# [Task directions]
Images do not belong in the copy. Retype the entries exactly.

Dataset items
--- START ---

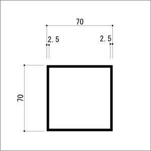 アルミ等辺角パイプ 2.5x70x70x4000mm(2M+2M) アルマイトシルバー
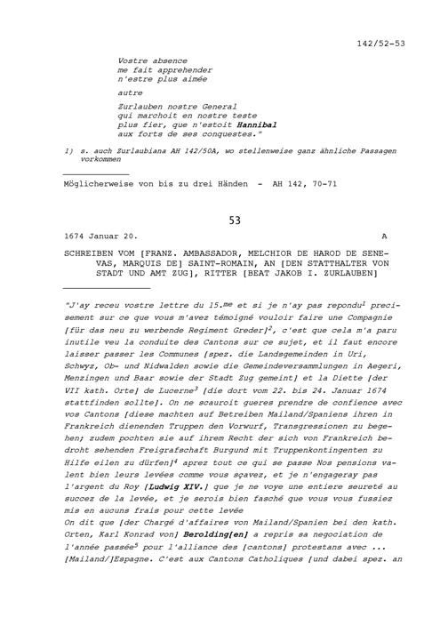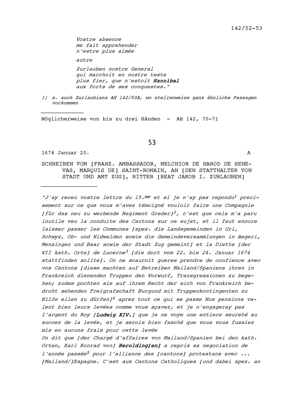 Schreiben von Melchior de Harod de Senevas, Marquis de Saint-Romain, Ambassador von Frankreich, an Beat Jakob I. Zurlauben, Statthalter von Stadt und Amt Zug
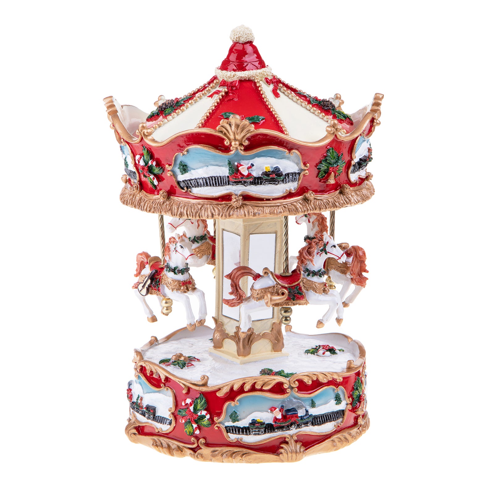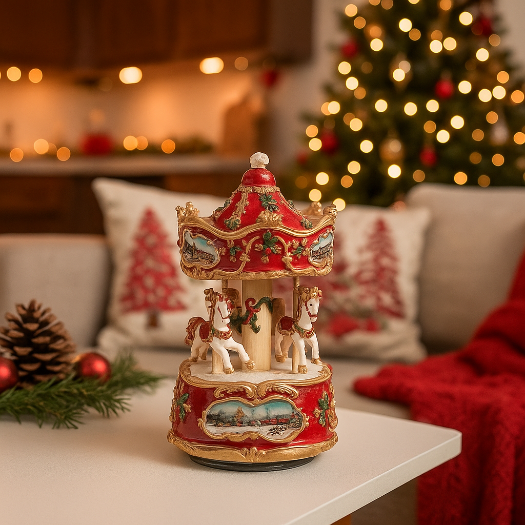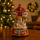 Statuetta giostra con carillon in resina per decorazioni natalizie
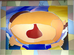 少々、ステンドグラスにするには、難しい絵でしたが、そのお母様の心意気に打たれて、二つ返事でOKしました。
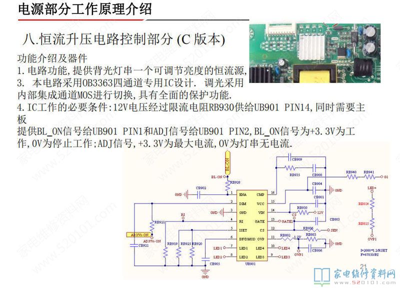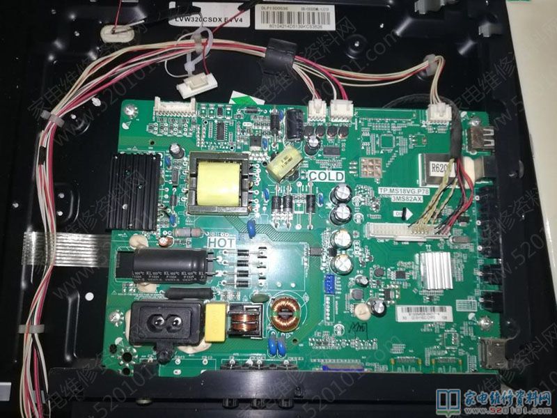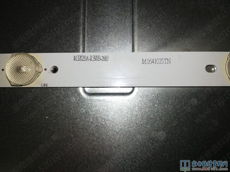 接修一台先锋LED-32B500液晶电视机,故障开机有声无图像。拆机检查,其主板型号是TP.MS18VQ P78 ,通电观察透光孔无光,点灯仪点不亮。测电压300v,12V,25V (背光供电)正常,灯条恒流驱动为OB3363 灯条电压待机52.5,开机60.8,应该是保护了。于是拆屏,灯条4C-LB320T-HQ2 三条串联,每条6灯,单灯6V。某宝购同型号拆机灯条,成色还不错,无发黄现象,价格也不贵。上机灯亮,测电压125V,电流230MA,电流有点大,稳妥起见改电流。6V 1W灯珠I=P/U=0.167A,170MA,18灯总电压108V。
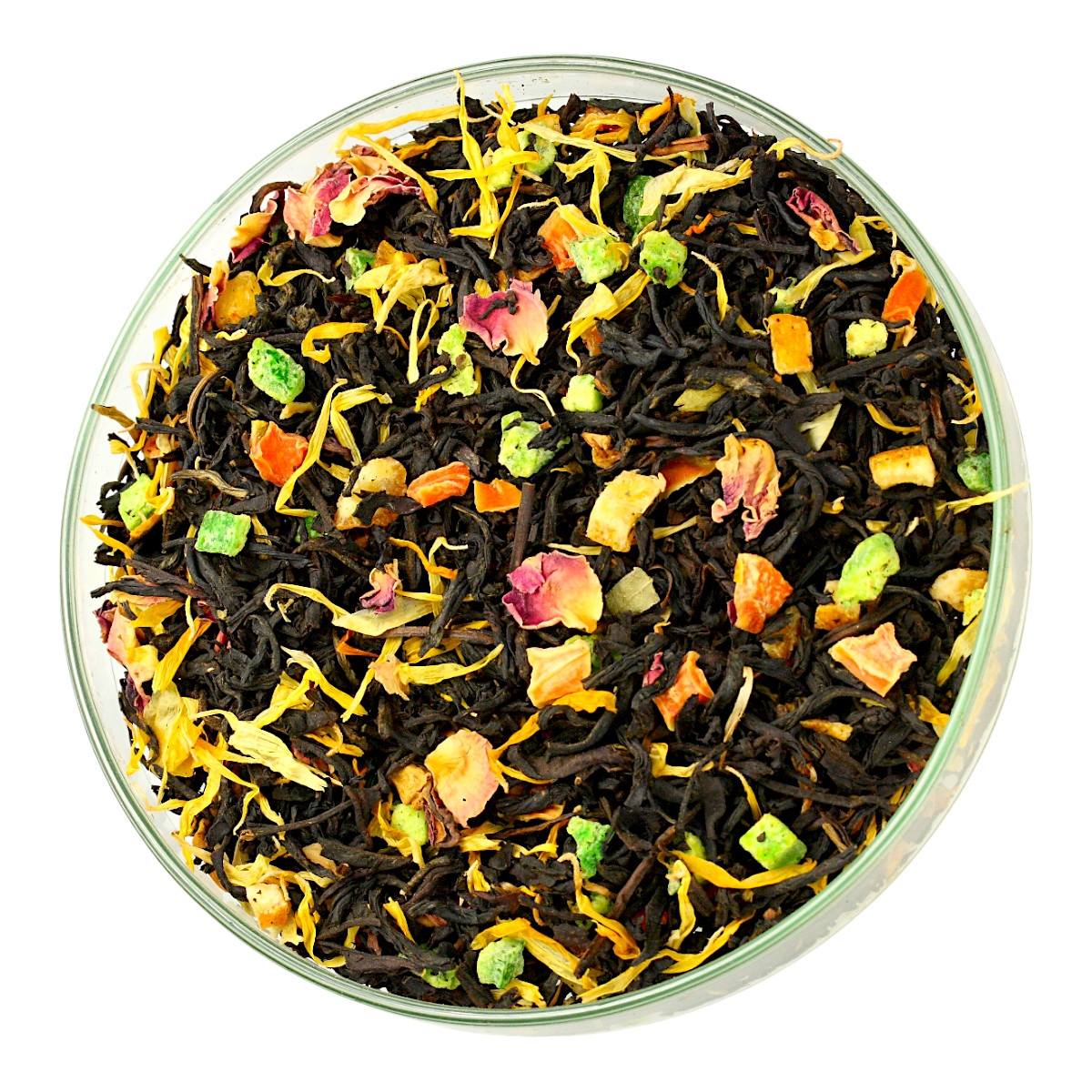 Składniki: Herbata Czarna, cytryna kandyz. (cytryna, cukier, E202, aromat, barwnik), pomarańcz kandyz. (skorka pomarańczy, E202, aromat) marchew liofilizat, płatki róży, nagietek, aromat.
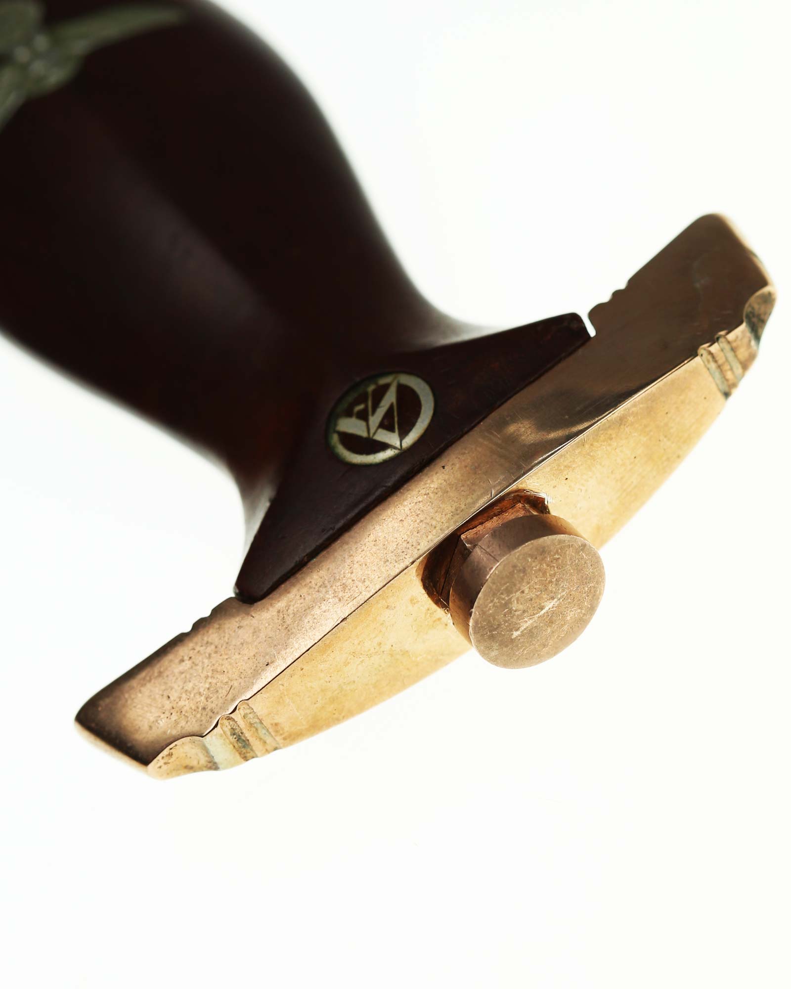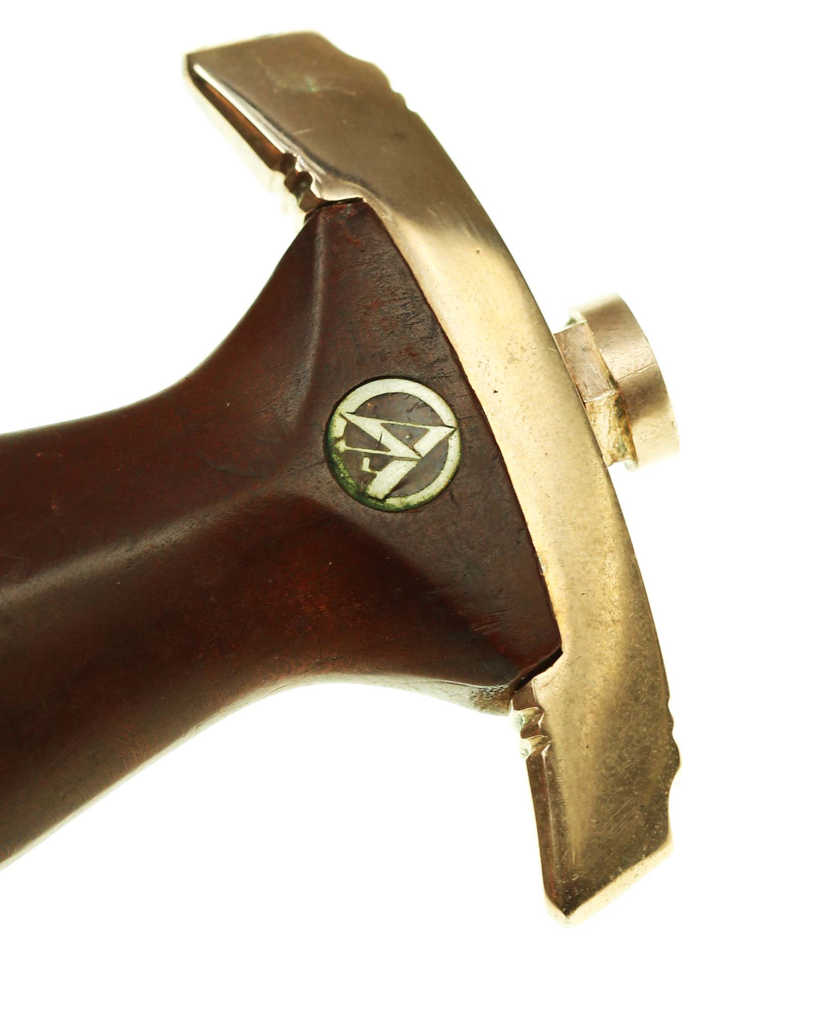 The nickel-plated scabbard fittings are secured with two side screws each.
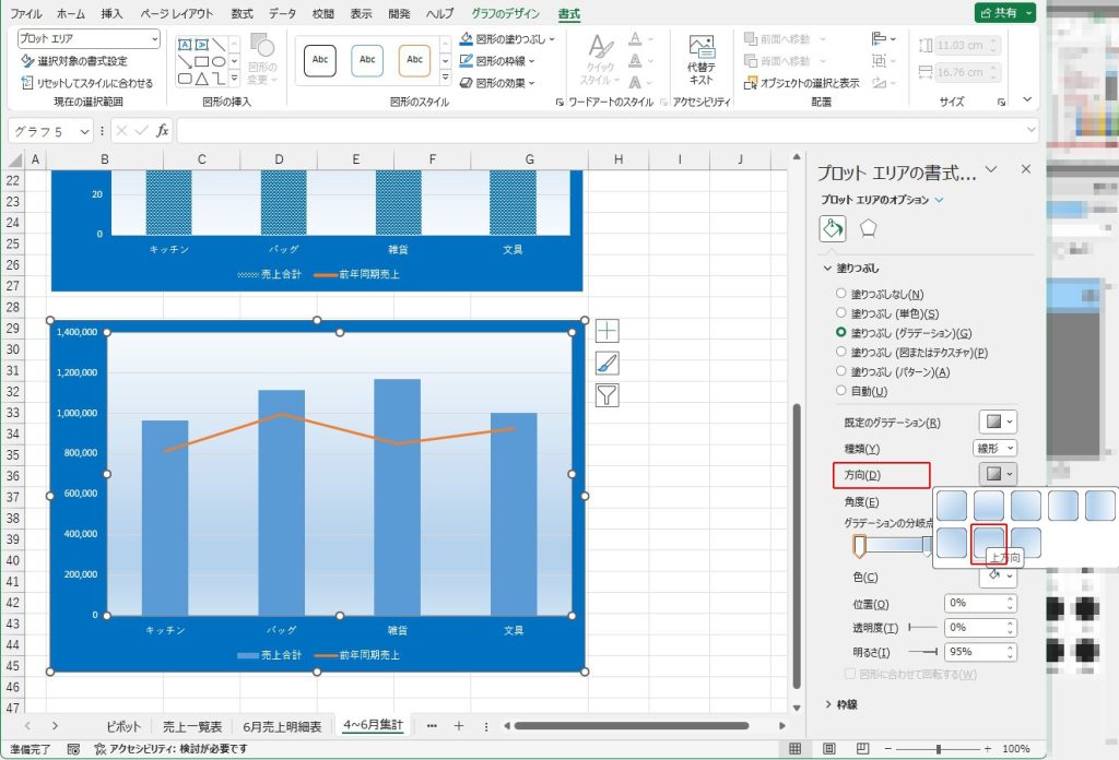 「プロットエリア:塗りつぶし:方向:上方向」という指示ですので、同じく、プロットエリアの書式設定画面から、「方向」を選択し、「上方向」をクリックします。
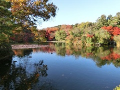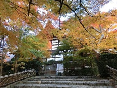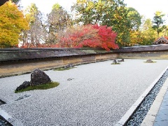 平成6年(1994年)、ユネスコの世界文化遺産に登録された龍安寺は、紅葉の名所としても名高く、例年11月下旬にはピークを迎えます。枯山水の石庭の周囲や、鏡容池の周りをモミジの色鮮やかな赤が取り囲み、一層、情趣溢れる景色を堪能できます。

--- END ---

# [Solution for this exercise]
 アルミ等辺角パイプ 2.5x70x70x4000mm(2M+2M) アルマイトシルバー
 Schreiben von Melchior de Harod de Senevas, Marquis de Saint-Romain, Ambassador von Frankreich, an Beat Jakob I. Zurlauben, Statthalter von Stadt und Amt Zug
 Statuetta giostra con carillon in resina per decorazioni natalizie
 少々、ステンドグラスにするには、難しい絵でしたが、そのお母様の心意気に打たれて、二つ返事でOKしました。
 接修一台先锋LED-32B500液晶电视机,故障开机有声无图像。拆机检查,其主板型号是TP.MS18VQ P78 ,通电观察透光孔无光,点灯仪点不亮。测电压300v,12V,25V (背光供电)正常,灯条恒流驱动为OB3363 灯条电压待机52.5,开机60.8,应该是保护了。于是拆屏,灯条4C-LB320T-HQ2 三条串联,每条6灯,单灯6V。某宝购同型号拆机灯条,成色还不错,无发黄现象,价格也不贵。上机灯亮,测电压125V,电流230MA,电流有点大,稳妥起见改电流。6V 1W灯珠I=P/U=0.167A,170MA,18灯总电压108V。
 Składniki: Herbata Czarna, cytryna kandyz. (cytryna, cukier, E202, aromat, barwnik), pomarańcz kandyz. (skorka pomarańczy, E202, aromat) marchew liofilizat, płatki róży, nagietek, aromat.
 The nickel-plated scabbard fittings are secured with two side screws each.
 「プロットエリア:塗りつぶし:方向:上方向」という指示ですので、同じく、プロットエリアの書式設定画面から、「方向」を選択し、「上方向」をクリックします。
 平成6年(1994年)、ユネスコの世界文化遺産に登録された龍安寺は、紅葉の名所としても名高く、例年11月下旬にはピークを迎えます。枯山水の石庭の周囲や、鏡容池の周りをモミジの色鮮やかな赤が取り囲み、一層、情趣溢れる景色を堪能できます。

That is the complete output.